Hacker News new | ask | show | jobs
by blakesterz 753 days ago
Maybe a dumb question, but I think anyone reading this question would know a good answer for me. If I have a big pile of PDFs and wanted to get an LLM to be really good at answering questions about what's in all those PDFs, would it be best for me to try running this locally? "Best" in this case would be I would want to get the best/smartest answers from my questions about these PDFs. They're all full-text PDFs, studies and results on a specific genetic condition that I'd like to understand better by asking something smart questions.
3 comments

LlamaIndex can make this task possible in a very few (surprisingly few) lines of code: https://docs.llamaindex.ai/en/stable/understanding/putting_i...

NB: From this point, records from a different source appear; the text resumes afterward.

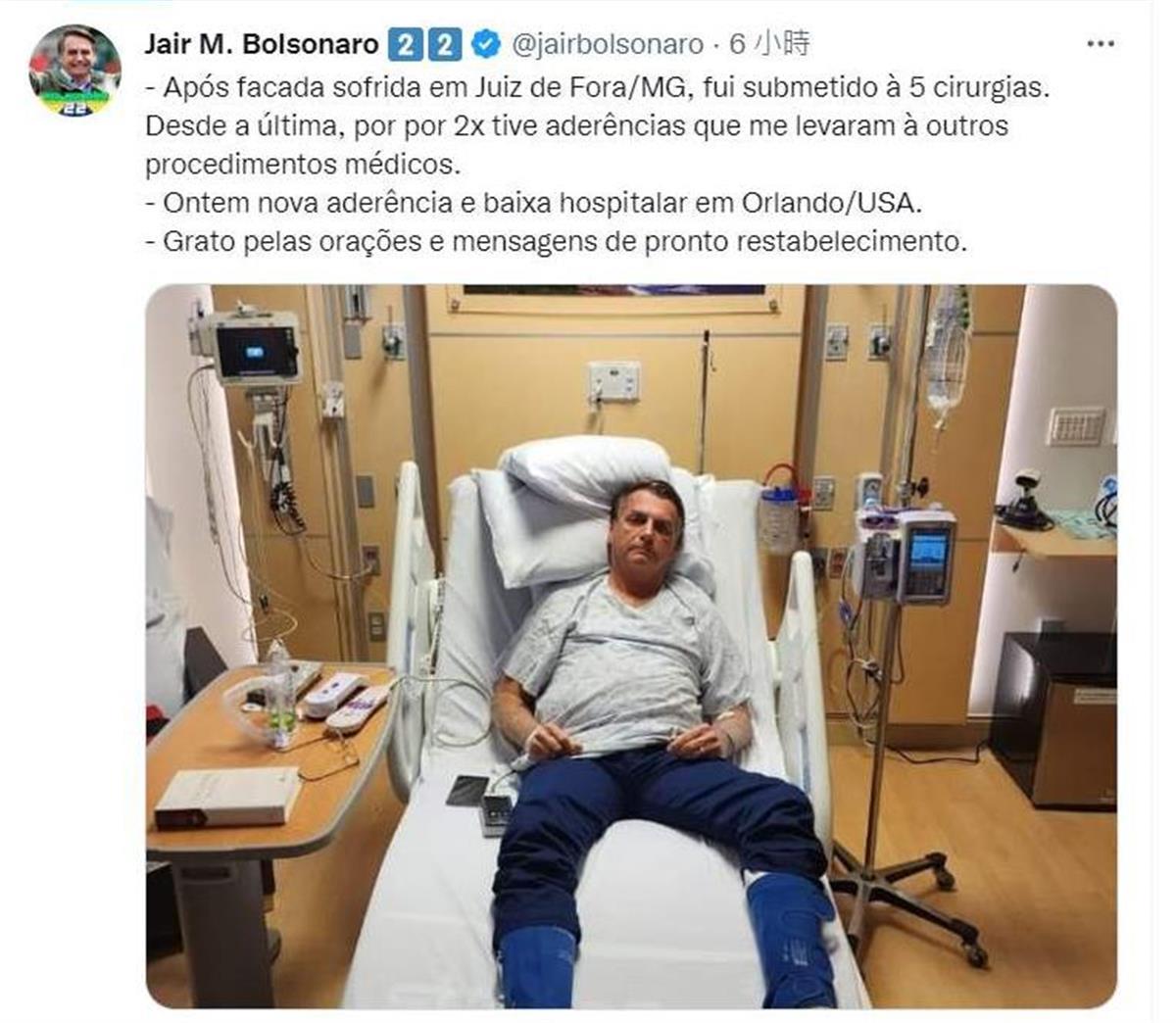 博索纳罗上传在美国佛州的医院病床照片(图片来源:美联社)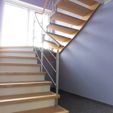 Obergeschoss: Erreichbar über eine stilvolle Massivholztreppe. Neben zwei Kinderzimmern und dem Elternschlafzimmer bietet ein separater Hobbyraum mit angrenzendem Abstellbereich flexiblen Raum für Kreativität.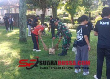 Tabanan – Babinsa Desa Kelating Koramil 1619/Tabanan, Sertu Sang ketut Badung bersama Ketua Koperasi Merah Putih, Perbekel, Ketua BPD, serta para mahasiswa INSTIKI melaksanakan kegiatan gotong r...

You'll likely want to move beyond the first examples so you can choose models & methods. Either way, LI has tons of great documentation and was originally built for this purpose. They also have a commercial Parsing product with very generous free quotas (last I checked)

If its just for you, may I suggest Open AI's python notebook examples. This was the one I used to get started.

https://cookbook.openai.com/examples/parse_pdf_docs_for_rag

There are several other examples like this .. but I got stuck in jargon of Langchain or LlamaIndex etc..

Not self hosted, but Google Notebook LLM is OK at that: https://notebooklm.google.com/

You can also upload files to ChatGPT and ask questions about it.